The comments on its website are part of the FCC’s efforts to show that it’s willing to listen to the public’s concerns when considering its proposed rules — which shouldn’t be too hard, given the protestors who punctuated the original discussion of the rules earlier this year — instead of running roughshod over the open Internet without acknowledging its effect on normal people.

The agency might have bitten off more than it could chew, however. A Twitter chat in which its special counsel for external affairs attempted to answer questions quickly became an attack on the rules, the agency, and Wheeler himself when it was conducted earlier this year:

The hashtag wasn’t co-opted by juvenile Twitter users like many social media campaigns are, and unlike the New York Police Department’s misguided attempt to use Twitter in April, the public outpouring of vehement criticism of the FCC’s proposed rules was not unexpected.

At least now the FCC might understand the sheer number of people worried about how its proposal will axe-murder — or at least maim — the Internet as it’s supposed to be. A hashtag has done something besides convince people that Stephen Colbert should be taken off the air. Twitter, or at least the hashtag activists who frequent its injustice circuit, should be proud.

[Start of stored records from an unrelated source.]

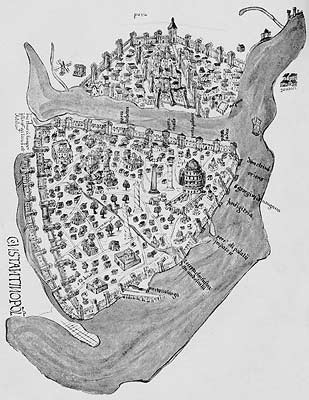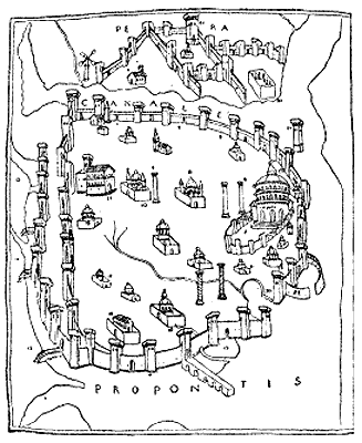 Рис. 1.33. Прорисовка самой старой уцелевшей карты Царь-Града начала XV века. Взято из [41], с. 134.
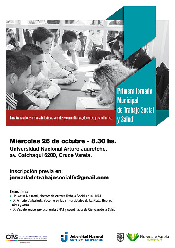 El próximo miércoles 26 de octubre a partir de las 8.30 hs. en la sede de la Universidad Nacional Arturo Jauretche (UNAJ), sita en Av. Calchaquí 6200, tendrá lugar la primera Jornada Municipal de Trabajo Social y Salud.
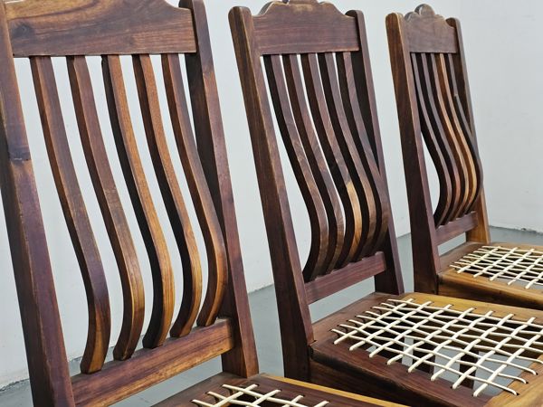 Set of 4 Blackwood Slatted Back Wooden Chairs
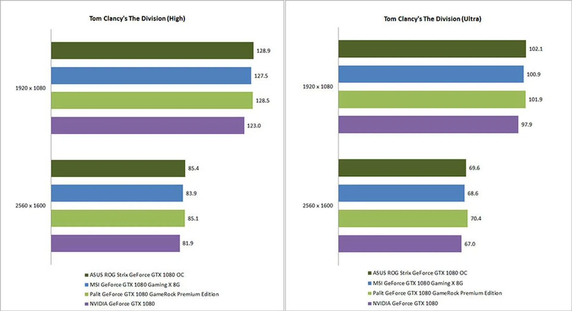 Having said that, we’d caution against parsing the numbers too closely. It’s not really the best approach to quibble over small differences in clock speeds and performance. For one, you only have to look at the results obtained in Tom Clancy’s The Division to see how close the cards actually perform to each other. More often than not, a single frame barely separates two cards, and you can be sure that you won’t notice any difference when actually playing.
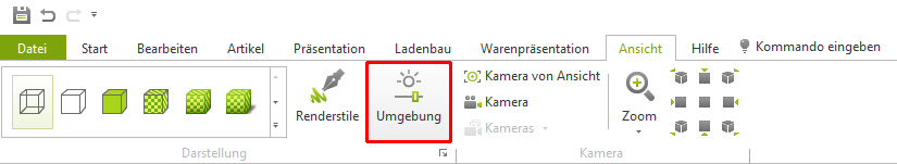 Mittels Umgebung lassen sich Hintergrund der Planung, sowie die globale Beleuchtung steuern.
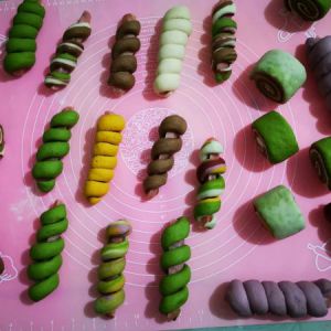 这个就是几种颜色的面叠加起来卷成条,切块。

Comments on the FCC’s website haven’t been much better. The Verge reported in June that many of the comments contain “f-bombs and death threats” in addition to referencing angry childhoods, dicks, and other fun things that Wheeler probably didn’t expect when he opened a government website to the writhing hatred of Internet commenters with nothing better to do.

Some have blamed this on a problem with the commenting system. Others fault John Oliver’s take-no-prisoners rant about the proposed rules. Oliver claims this isn’t the case, but everyone knows that invoking the wrath of Internet commenters can have cataclysmic consequences, so his denial isn’t worth much. Either way, it certainly inspired people to reach out to the FCC.

Now you have a few more days to tell Wheeler exactly what you think about his proposed rules, which could kill the open Internet as we know it, right on the FCC’s website. If that’s not the definition of masochism, at least on Wheeler’s part, I’m not sure what is.

[illustration by Brad Jonas]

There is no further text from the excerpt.